**Requirement**. Send back the line that contains "皇冠两件包EMS♀韩国订单~09新款韩版荷叶领唯美收腰雪纺衫" and all lines following it through the end of the data below, exactly, omitting pictures.

**Dataset excerpt**.
○ ○ ○ ○ ○

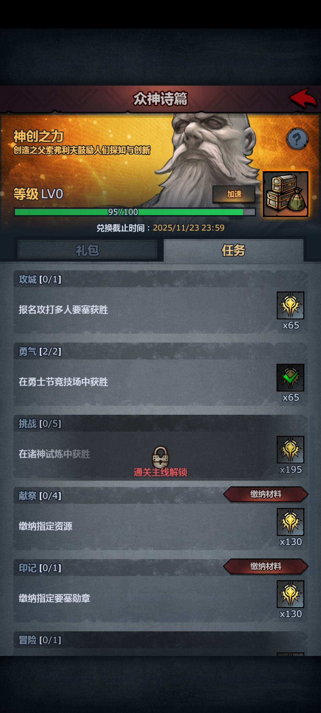 大德没练好的时候日要塞打起来很慢的,全奖好说(副塔拆够主塔的十分之一血就能拿,需要有别人拆掉主塔),可以群里看看有没有好心的老登帮你,建议打要塞征服战活动的要塞,这样第二天能直接领就有活动箱子了可以直接换精金。时间够的话看看众神诗篇要提交的要塞勋章(每周刷新)是什么,自己看着选择。
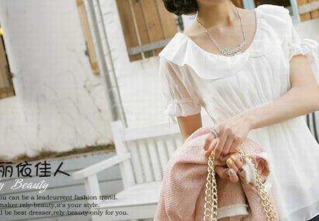皇冠两件包EMS♀韩国订单~09新款韩版荷叶领唯美收腰雪纺衫
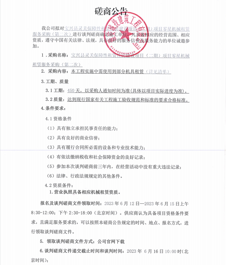 寶興縣靈關保障性租賃住房建設項目(二期)項目零星機械租賃服務采購(第二次)談判磋商公告

○ ○ ○ ○ ○

**Reply**.
皇冠两件包EMS♀韩国订单~09新款韩版荷叶领唯美收腰雪纺衫
 寶興縣靈關保障性租賃住房建設項目(二期)項目零星機械租賃服務采購(第二次)談判磋商公告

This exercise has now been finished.